Stored items
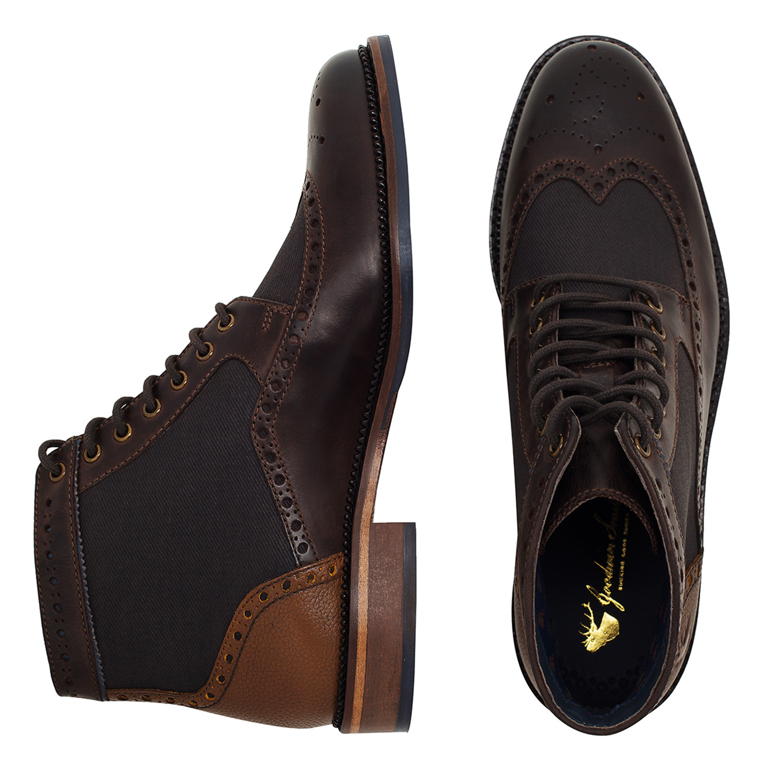 Derby brogue boot with contrast styling. Oilly pull up leather teamed with waxed twill and contrast colour heel. Stag logo detail burnished to outside heel counter. New heavy duty Leather and TPR sole unit, unique hexagon tread anti slip forepart and heel overlaid on leather sole. Leather and textile lining. Leather sock gold embossed logo and extra padding for increased comfort.
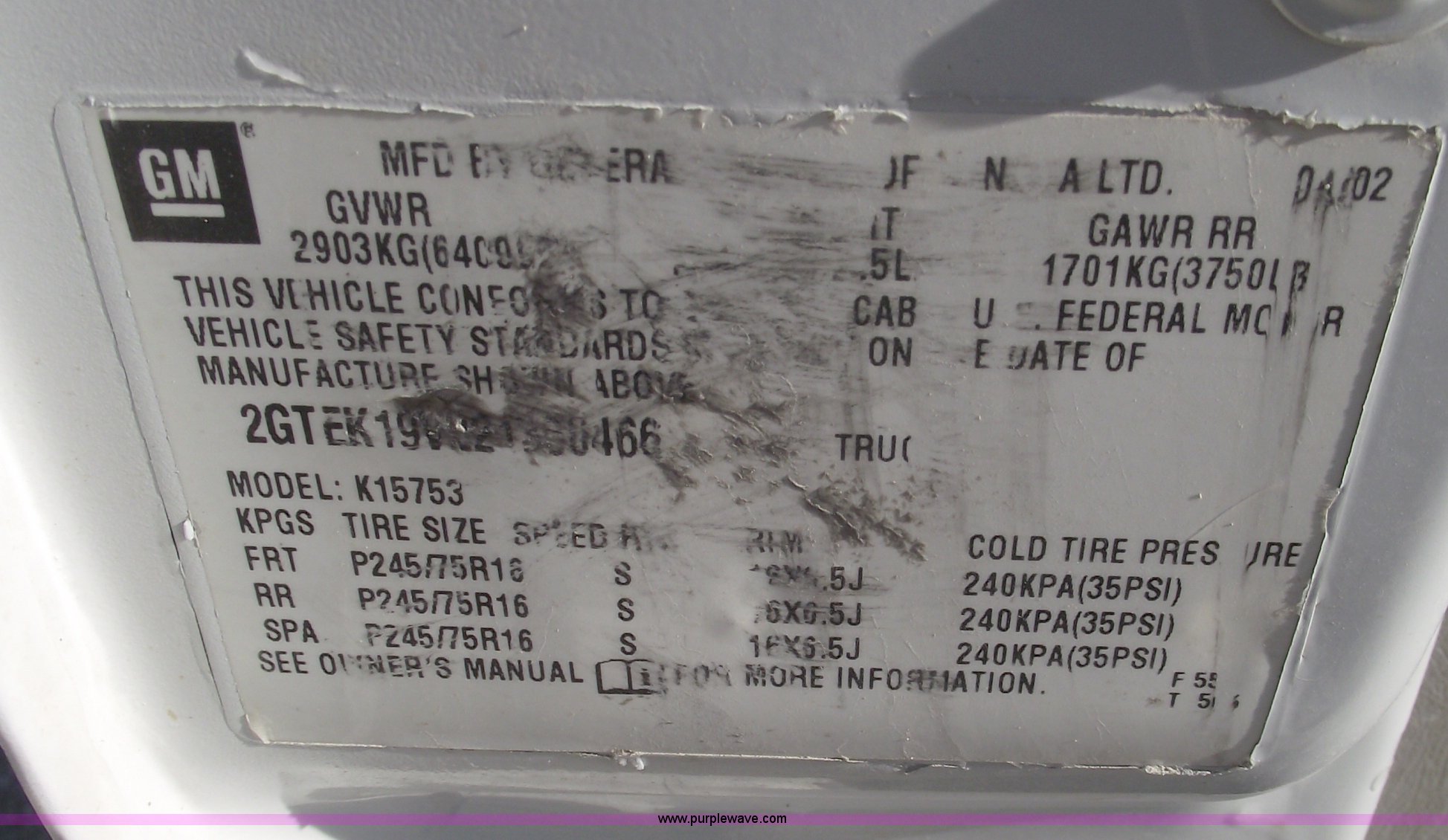 Purple Wave is selling a used Passenger Vehicle in Missouri. This item is a 2002 GMC Sierra 1500 extended cab pickup truck with the following: 280,272 miles on odometer, 4.8L V8 SFI engine, Automatic transmission, Four wheel drive, AC and heat, Tilt, Cruise, AM/FM, Manual windows and locks, Vinyl floor, Cloth interior, Receiver hitch, Trailer wiring, 245/75/16 tires, Unit# 349
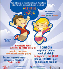 Arenele de Joaca, cel mai mare stadion de joaca pentru copii, se redeschide, pentru al treilea an consecutiv, pe 7 si 8 iunie, in Herastrau, la Roata Mare, zona Soseaua Nordului – Ambasada Chinei. Evenimentul este parte a campaniei sociale „Sport pentru Viata”, initiata de campioana Gabriela Szabo in 2006.
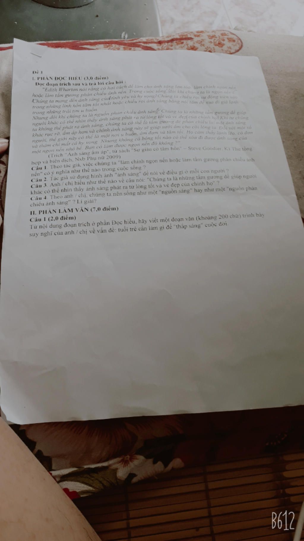4. Theo anh / chị, chúng ta nên sống như một "nguồn sáng" hay như một "nguồn phản chiếu ánh sáng" ? Lí giải ?
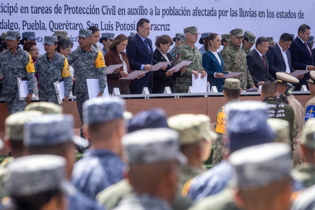 Durante dicha ceremonia se dio a conocer que, durante la atención a esta contingencia, se creó el puente aéreo más grande del país, con la participación de 21 helicópteros, con lo cual se apoyó a más de 100 mil mexicanos para trasladarse, así como para acercar alimentos y medicinas a quienes más lo necesitaban. Ante ello, la Presidenta de México agradeció su entrega y compromiso por defender a las y los mexicanos.
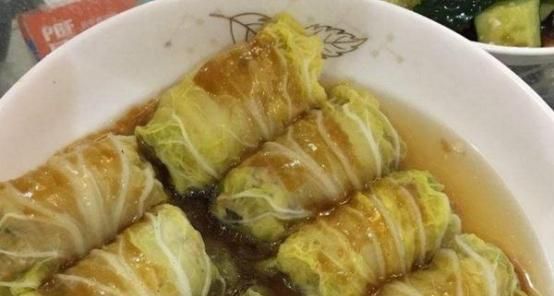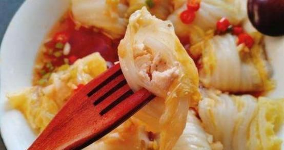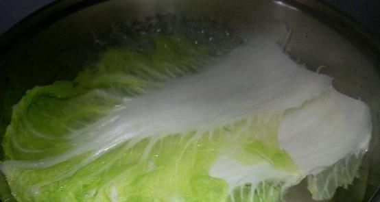 接著我們把大白菜外邊的葉子摘掉,留下比較嫩的白菜葉,用水清洗浸泡后,瀝干水分備用,把蒜頭剝掉皮切成蒜泥,香蔥洗干凈切成蔥段,辣椒切成小段,在鍋中倒入清水,用大火把水少沸騰后,將白菜葉放進(jìn)沸水中燙上三十秒左右,就可以撈出來(lái)了,然后我們把雞胸肉放到白菜葉的中間,用白菜葉將雞胸肉給卷起來(lái),卷完全部的白菜葉后放入一個(gè)碟子里。

» **Directions for this task**
Could you return each line, unchanged, from the line containing "4. Theo anh" through the last line of the entries above, leaving out the pictures?

» **Answer to this task**
4. Theo anh / chị, chúng ta nên sống như một "nguồn sáng" hay như một "nguồn phản chiếu ánh sáng" ? Lí giải ?
 Durante dicha ceremonia se dio a conocer que, durante la atención a esta contingencia, se creó el puente aéreo más grande del país, con la participación de 21 helicópteros, con lo cual se apoyó a más de 100 mil mexicanos para trasladarse, así como para acercar alimentos y medicinas a quienes más lo necesitaban. Ante ello, la Presidenta de México agradeció su entrega y compromiso por defender a las y los mexicanos.
 接著我們把大白菜外邊的葉子摘掉,留下比較嫩的白菜葉,用水清洗浸泡后,瀝干水分備用,把蒜頭剝掉皮切成蒜泥,香蔥洗干凈切成蔥段,辣椒切成小段,在鍋中倒入清水,用大火把水少沸騰后,將白菜葉放進(jìn)沸水中燙上三十秒左右,就可以撈出來(lái)了,然后我們把雞胸肉放到白菜葉的中間,用白菜葉將雞胸肉給卷起來(lái),卷完全部的白菜葉后放入一個(gè)碟子里。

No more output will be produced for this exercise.